PROBLEM STATEMENT
The task calls for every entry to be printed word for word, without the images.

Stored items
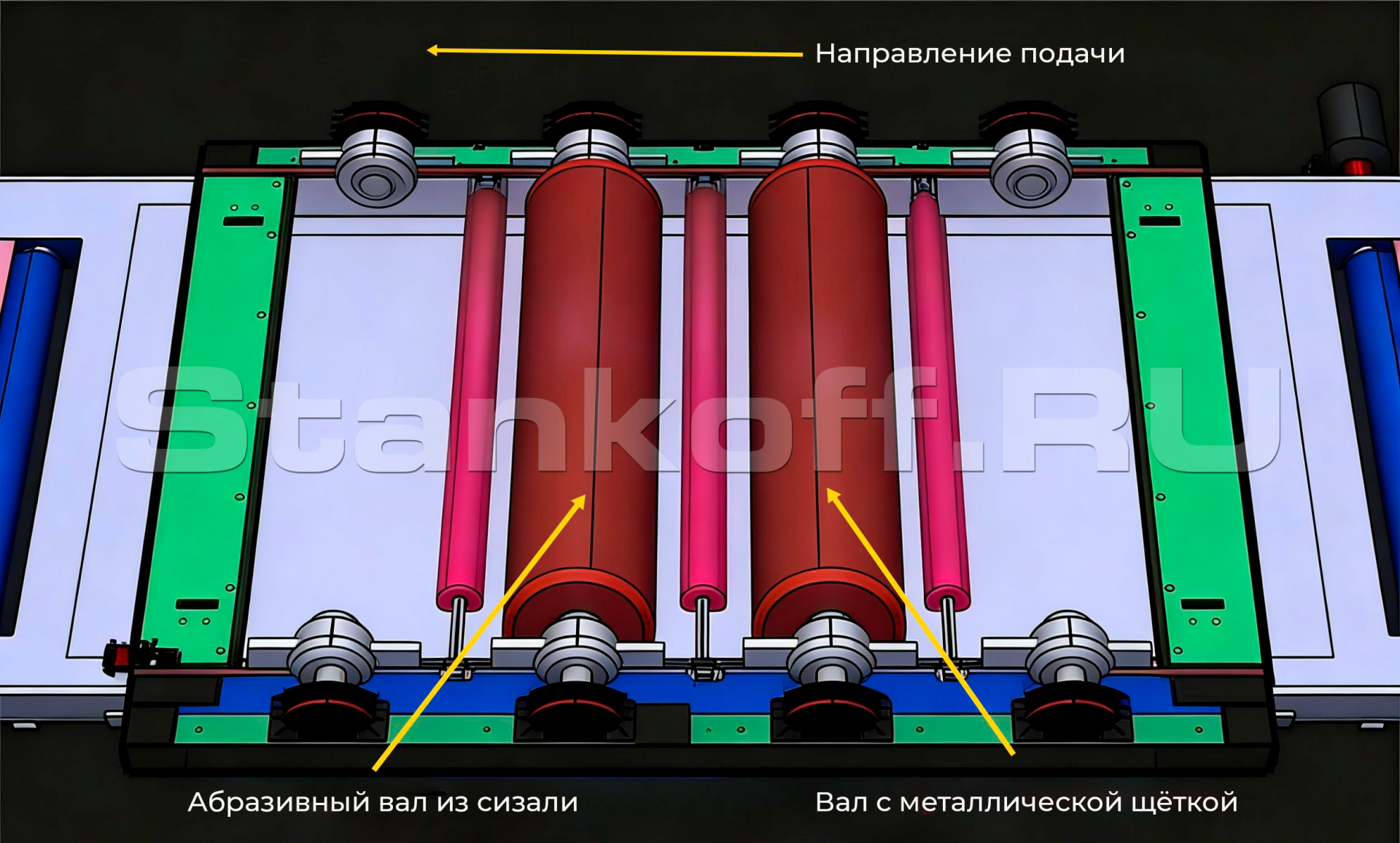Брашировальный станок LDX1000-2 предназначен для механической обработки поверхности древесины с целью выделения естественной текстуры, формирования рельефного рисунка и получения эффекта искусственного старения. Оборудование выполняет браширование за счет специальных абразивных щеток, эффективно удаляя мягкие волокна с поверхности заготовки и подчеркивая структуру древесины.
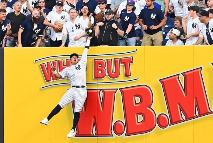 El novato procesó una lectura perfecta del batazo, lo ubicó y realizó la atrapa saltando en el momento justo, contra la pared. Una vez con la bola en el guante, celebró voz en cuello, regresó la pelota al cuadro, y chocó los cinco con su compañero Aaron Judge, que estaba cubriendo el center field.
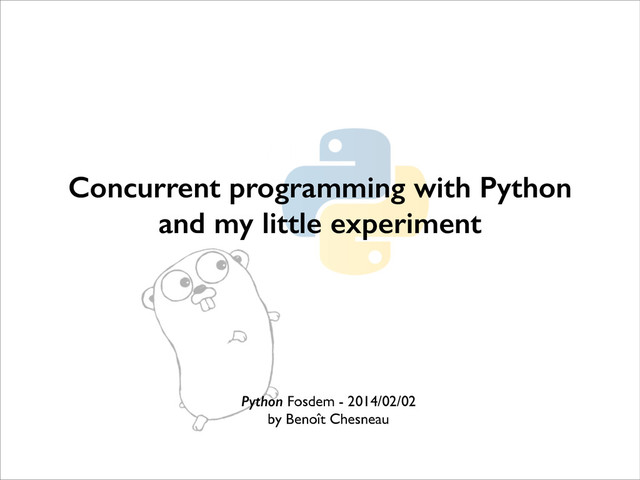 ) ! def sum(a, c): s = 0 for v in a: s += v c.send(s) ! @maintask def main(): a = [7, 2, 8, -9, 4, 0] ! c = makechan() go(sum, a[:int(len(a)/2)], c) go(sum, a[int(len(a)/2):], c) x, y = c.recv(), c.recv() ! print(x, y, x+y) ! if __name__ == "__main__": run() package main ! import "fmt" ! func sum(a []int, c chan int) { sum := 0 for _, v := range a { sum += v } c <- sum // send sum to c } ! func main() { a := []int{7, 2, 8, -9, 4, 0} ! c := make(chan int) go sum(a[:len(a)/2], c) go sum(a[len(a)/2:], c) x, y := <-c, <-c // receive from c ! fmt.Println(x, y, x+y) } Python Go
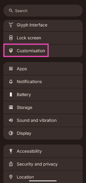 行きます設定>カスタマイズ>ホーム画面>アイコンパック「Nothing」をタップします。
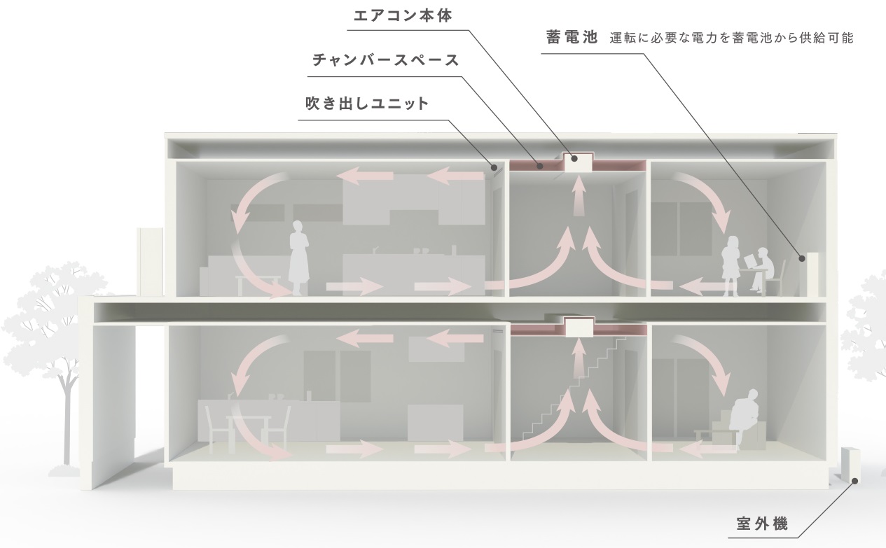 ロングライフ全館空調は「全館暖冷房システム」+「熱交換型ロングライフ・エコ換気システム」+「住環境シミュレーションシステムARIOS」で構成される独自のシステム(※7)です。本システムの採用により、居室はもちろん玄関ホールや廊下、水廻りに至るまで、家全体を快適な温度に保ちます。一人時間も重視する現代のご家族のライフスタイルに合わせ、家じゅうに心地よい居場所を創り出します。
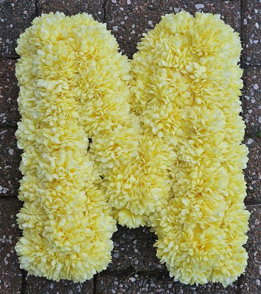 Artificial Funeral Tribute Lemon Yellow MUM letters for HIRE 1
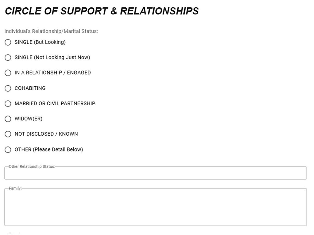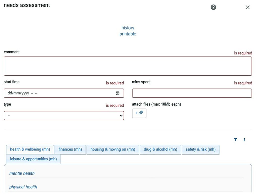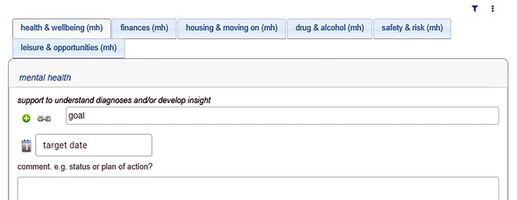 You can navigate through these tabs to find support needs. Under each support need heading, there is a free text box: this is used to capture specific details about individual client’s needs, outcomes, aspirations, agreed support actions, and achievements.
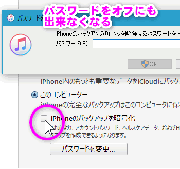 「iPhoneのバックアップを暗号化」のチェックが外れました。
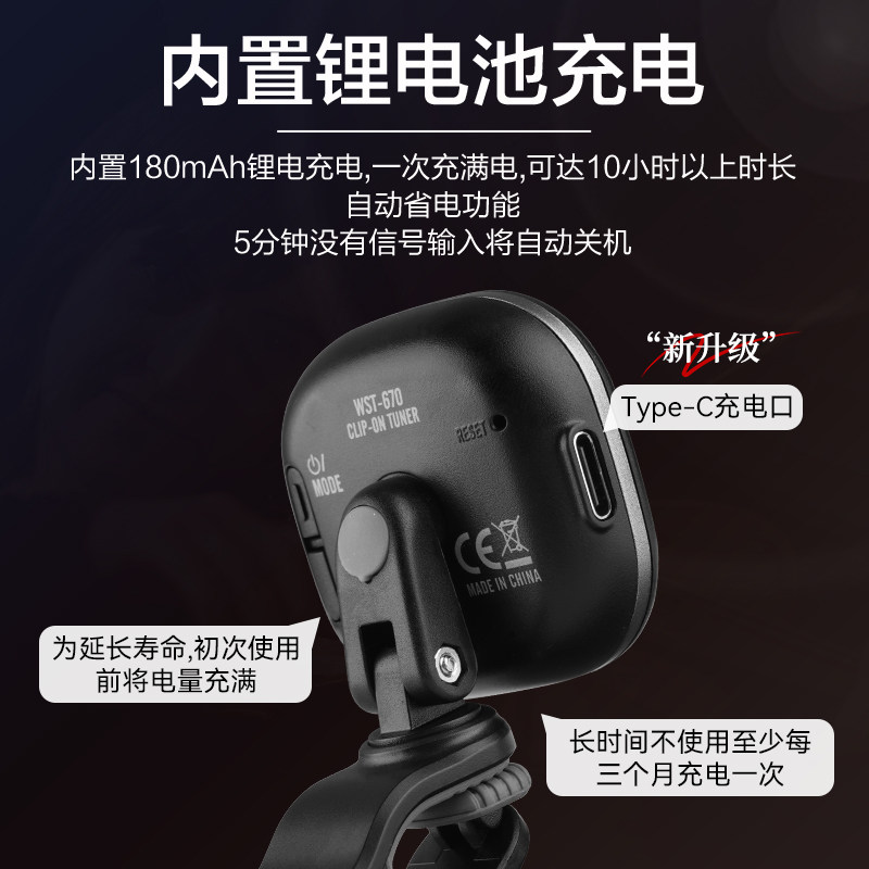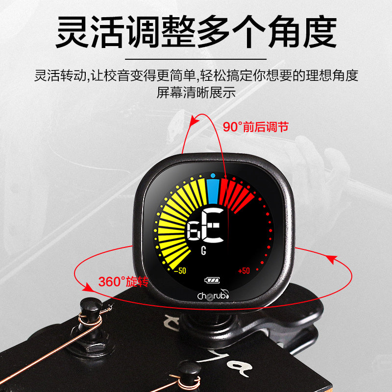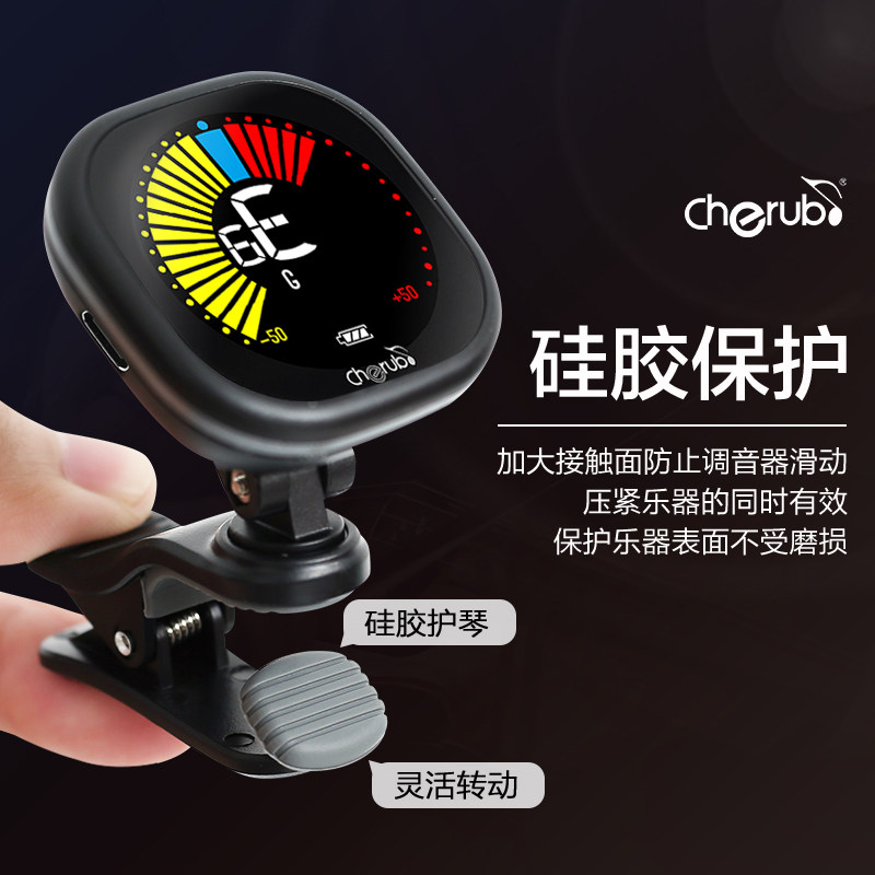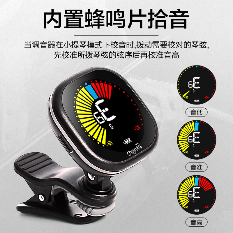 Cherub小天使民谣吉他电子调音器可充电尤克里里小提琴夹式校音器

RESPONSE TO THE EXERCISE
Брашировальный станок LDX1000-2 предназначен для механической обработки поверхности древесины с целью выделения естественной текстуры, формирования рельефного рисунка и получения эффекта искусственного старения. Оборудование выполняет браширование за счет специальных абразивных щеток, эффективно удаляя мягкие волокна с поверхности заготовки и подчеркивая структуру древесины.
 El novato procesó una lectura perfecta del batazo, lo ubicó y realizó la atrapa saltando en el momento justo, contra la pared. Una vez con la bola en el guante, celebró voz en cuello, regresó la pelota al cuadro, y chocó los cinco con su compañero Aaron Judge, que estaba cubriendo el center field.
 ) ! def sum(a, c): s = 0 for v in a: s += v c.send(s) ! @maintask def main(): a = [7, 2, 8, -9, 4, 0] ! c = makechan() go(sum, a[:int(len(a)/2)], c) go(sum, a[int(len(a)/2):], c) x, y = c.recv(), c.recv() ! print(x, y, x+y) ! if __name__ == "__main__": run() package main ! import "fmt" ! func sum(a []int, c chan int) { sum := 0 for _, v := range a { sum += v } c <- sum // send sum to c } ! func main() { a := []int{7, 2, 8, -9, 4, 0} ! c := make(chan int) go sum(a[:len(a)/2], c) go sum(a[len(a)/2:], c) x, y := <-c, <-c // receive from c ! fmt.Println(x, y, x+y) } Python Go
 行きます設定>カスタマイズ>ホーム画面>アイコンパック「Nothing」をタップします。
 ロングライフ全館空調は「全館暖冷房システム」+「熱交換型ロングライフ・エコ換気システム」+「住環境シミュレーションシステムARIOS」で構成される独自のシステム(※7)です。本システムの採用により、居室はもちろん玄関ホールや廊下、水廻りに至るまで、家全体を快適な温度に保ちます。一人時間も重視する現代のご家族のライフスタイルに合わせ、家じゅうに心地よい居場所を創り出します。
 Artificial Funeral Tribute Lemon Yellow MUM letters for HIRE 1
 You can navigate through these tabs to find support needs. Under each support need heading, there is a free text box: this is used to capture specific details about individual client’s needs, outcomes, aspirations, agreed support actions, and achievements.
 「iPhoneのバックアップを暗号化」のチェックが外れました。
 Cherub小天使民谣吉他电子调音器可充电尤克里里小提琴夹式校音器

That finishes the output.